Kara Kush
‘Marut?’ The other man seemed surprised. ‘Oh, you mean my name. I am called Murad Shah. These are my Nuristani lads, from the north-eastern mountains, you know. That’s the way they pronounce “Murad”. I don’t suppose they have ever heard of Marut … Marut, me …’ He started to laugh. ‘I’ve been called some things, but never Marut. Who are you?’
‘I am called Teeo pang by your men,’ said Adam, ‘but I am The Eagle.’
‘Kara Kush – The Eagle?’ Murad was on his feet. ‘I had no idea. I’m very sorry.’ He held out his hand and Adam took it.
‘Teeo pang,’ said Murad, ‘only means “You’re a foreigner”, in Nuristani. You are foreign – we all are – to these men.’
‘What are you doing here?’ Adam wanted to know.
‘We’re fighting the Russians, like you.’
‘Where is this place?’
‘Three kilometres north-west of Baghabad, “Land of Gardens”, in the foothills.’
Adam wanted to know where Murad was from. ‘And where did you collect these goons? They’re a long way from home.’
‘We are all from Sayed Khel.’ Murad sighed. ‘We are the only survivors of the battle last January. If it hadn’t been for these men, my bodyguard, I’d be dead.’
Six months before, The Eagle knew, the Russians had attacked one of the strongholds of the Resistance at Sayed Khel, the place named after the Sayed family. The defenders had fought for eleven days, with light arms, against the most powerful weapons of the invading army. Even the outside world’s newspapers had heard of the battle. It had been a disaster for the Muhjahidin. Sayed Khel no longer existed.
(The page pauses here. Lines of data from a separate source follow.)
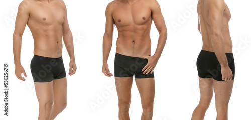 Fototapeta premium Collage with photos of man wearing underwear on white background, closeup....
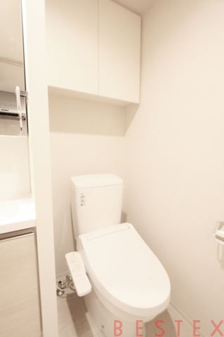 トイレはウォシュレット機能付き!収納棚も在るので掃除道具やトイレットペーパーも収納して、すっきりとした空間を保てます!
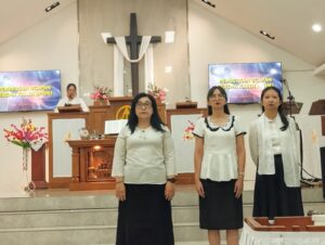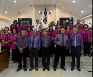 Setelah penyerahan tanda terima kasih kepada Badan Pemeriksa Harta Milik Jemaat, dilanjutkan dengan doa syafaat yang diakhiri dengan doa Bapa Kami yang di nyanyikan bersama.
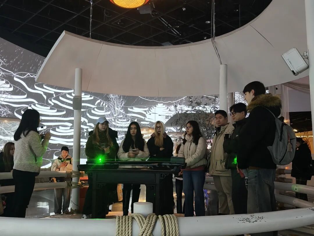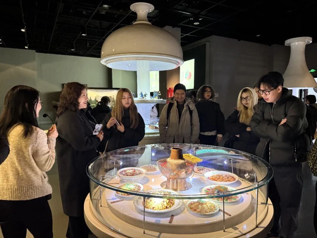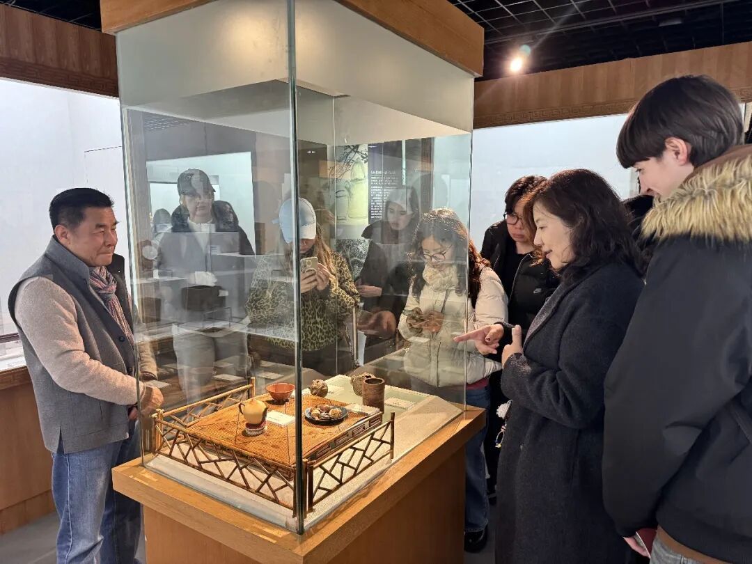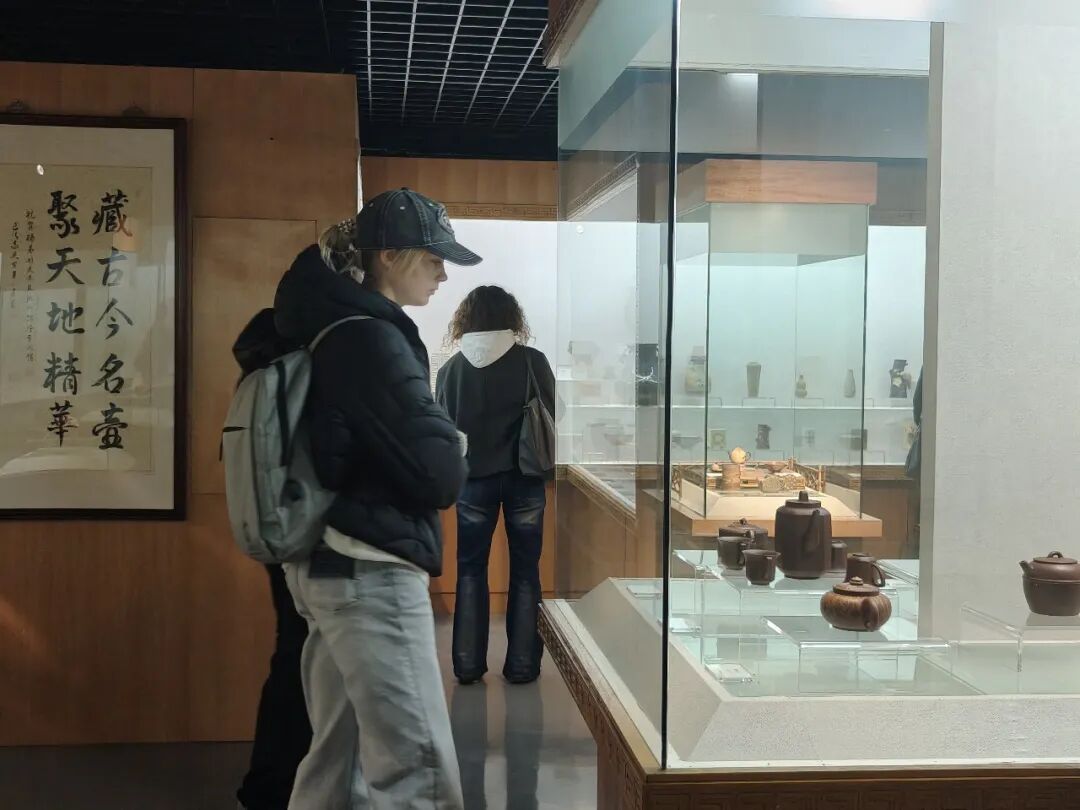 走进“海上宝山馆”,本土非遗不再是陈列于橱窗里的静态展品。月浦锣鼓的激越鼓声吸引留学生们轮番上前敲击,亲身体验北方鼓乐落户江南后的独特韵律。龙舟竞渡互动装置前,几位同学通过模拟击鼓驱动屏幕上的龙舟,感受端午竞渡的竞技激情。罗店灯彩、杨行吹塑纸版画、罗泾十字挑花等本土非遗项目,在讲解中呈现出宝山地区的文化根脉。 步入中国馆,“十里红妆”展项以惠山泥人再现传统婚嫁礼俗,戏曲展区通过幻影成像演绎京剧技艺。“满汉全席”与“四大菜系”展柜前,留学生们对着精致逼真的食物模型,交流起各自在中国各地品尝过的美食体验,从饮食文化延伸至地域习俗的交流讨论。 在“上海粲雅轩茶具文化艺术馆”,参观变成了一场深度对话。从明代时大彬的紫砂壶到清代陈鸣远的传世之作,黄福弟老师为同学们娓娓道来中国器物的故事。一位曾游历景德镇的俄罗斯同学主动分享自己的见闻。器物无言,却在这样的平等对话中,传递着跨越文明的情感温度。这正是“民艺新声”所追寻的——让展品背后的生活哲学,在人与人的交流中被真正“听见”。
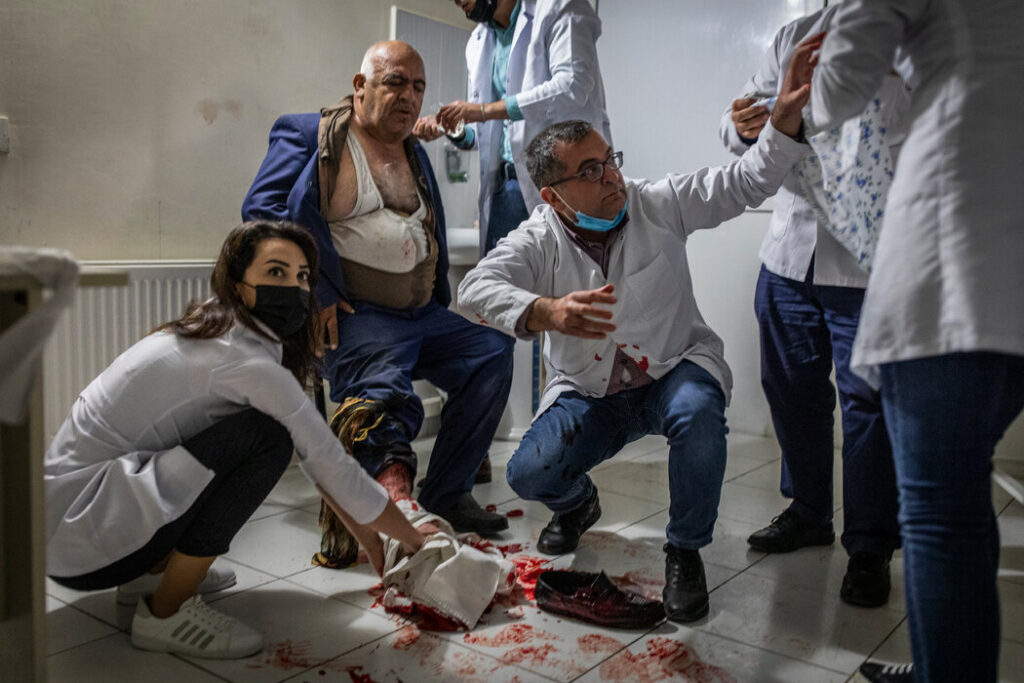 阿塞拜疆巴尔达——第一次爆炸声大到足以让我们停下车来。它似乎很近,听起来像是火箭弹的声音,所以我们迅速跳出来,蹲在墙边。我后来意识到,如果没有停下来,我们可能会径直开进一个爆炸地点,就在前方不到20码处。周三发生爆炸时,我们正驱车沿着阿塞拜疆巴尔达省的主要街道前往一个十字路口。阿塞拜疆正在与亚美尼亚交战,但前线在20英里之外,这里的生活在平静地继续。女人在外面购物,男人在加油站给汽车加油。接着,一串震耳欲聋的爆炸声接连而来,似乎每一声都更近、更响。一个女人开始尖叫。一个男人对家人大吼。他们拐过街角,他的妻子把一个孩子的衣袖扯断了,他们冲进一条小巷。马路对面,鲜血染红了一家私人诊所地下室门前的台阶。诊所里,一名腿部大量出血的出租车司机正在接受治疗。护士、病人和路人挤在地下室里,绕过血泊,用手机给家人打电话。
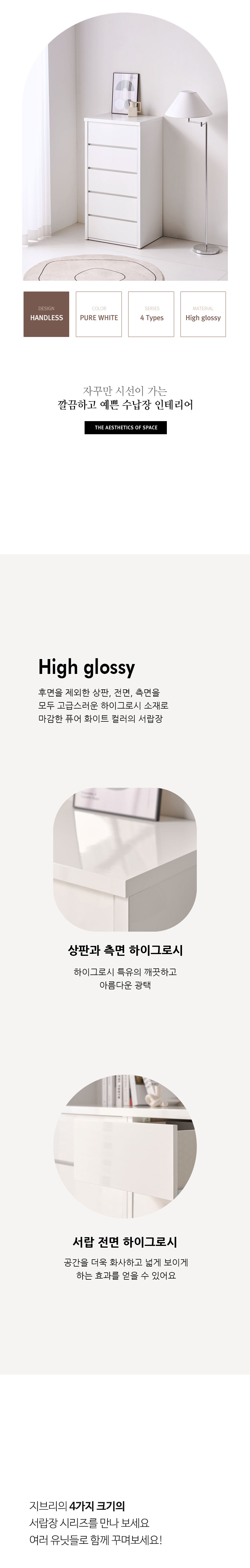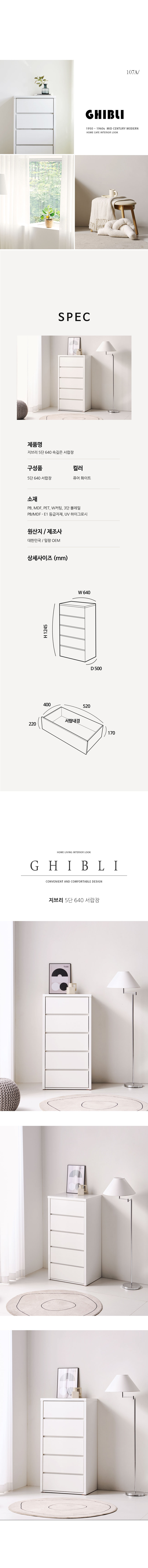 밀랑 지브리 5단 640 속깊은 서랍장 화이트 하이그로시
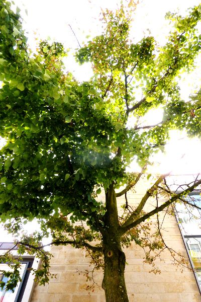 Die Krone der Linde wurde im Jahre 2012 stark zurückgeschnitten. Der Rückschnitt erfolgte ohne jeden baumpflegerischen Hintergrund, lediglich um das Salz im Gewebe des Baums „relativ zu verdünnen“. Der Austrieb war auf Grund des Streusalzes im Boden und im Gewebe des Baums ziemlich „müde“ und „lustlos“. (Foto: Klaus Schröder)
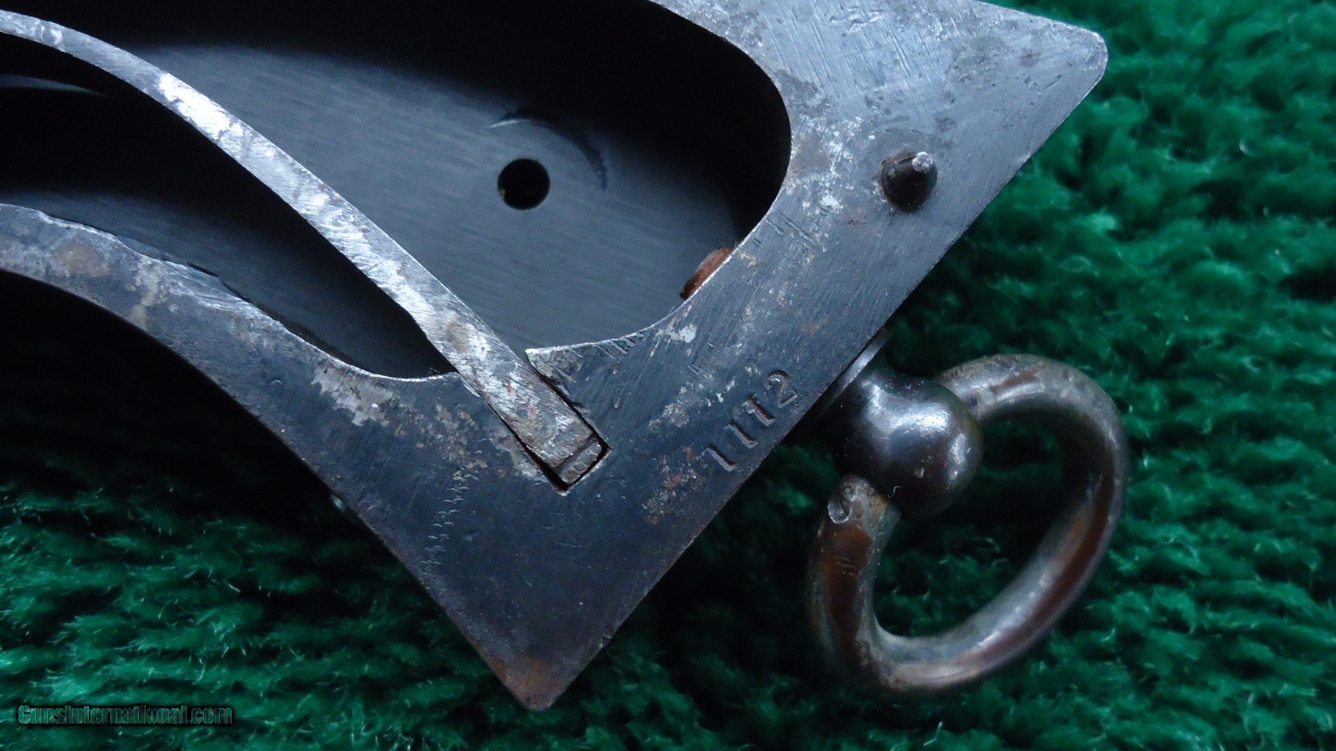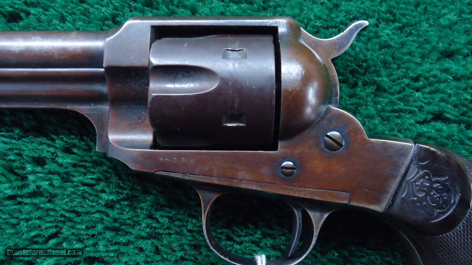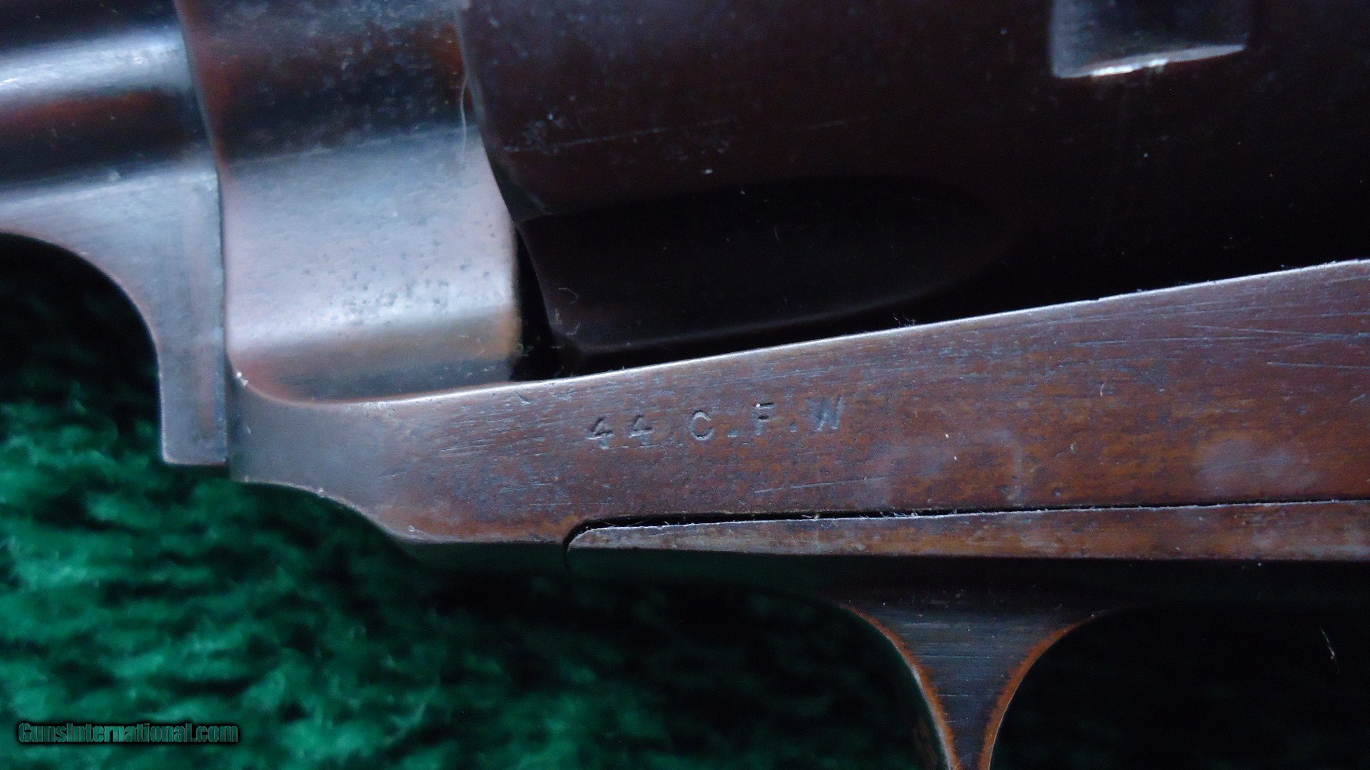 Description: 44-40 WCF caliber 6 shot revolver with a 5-3/4 inch round barrel. Fairly scarce configuration with a blued finish as most were nickel. Nice markings and sharp rifling with scattered roughness. Original hard rubber grips with Remington monogram show some wear but are still in good condition. Correct lanyard loop. Mechanics are tight and serviceable. Blade front sight. About 2,000 of these were made between 1891-1984. Leroy Merz Antique Firearms specializes in antique and vintage Winchesters and other fine American firearms. Since 1965 Mr. Merz has taken part in the world of firearms and has been a contributor to many well known reference books. We have hundreds of additional guns in every price range at our home online. Search for Merz Antiques in google. SOLD Antique: Yes Handgun Caliber: .44-40 Winchester (.44 WCF) |

‘There were nearly four thousand of us, not counting women and children,’ said Murad; ‘and they had tanks and aircraft. Our rifles had no more effect on them than peashooters, and we were short of ammunition. We fortified every house and dug tank traps in the road. At night we burned the fields and the orchards where they were bivouacked with kerosene, roasting many, but destroying our own land. We made bows and arrows when the ammunition ran out. We made holes in the ground and lay in them until they overran us. Then we rose out of the holes with sharpened sticks and stabbed them. But they still kept coming.’
‘What were your casualties?’ Adam asked.
‘Over one thousand killed, though we estimate that we killed or wounded twice as many of the enemy. Two thousand six hundred of our men were captured.’
‘What happened to them?’ Adam could guess, but he wanted to know just the same.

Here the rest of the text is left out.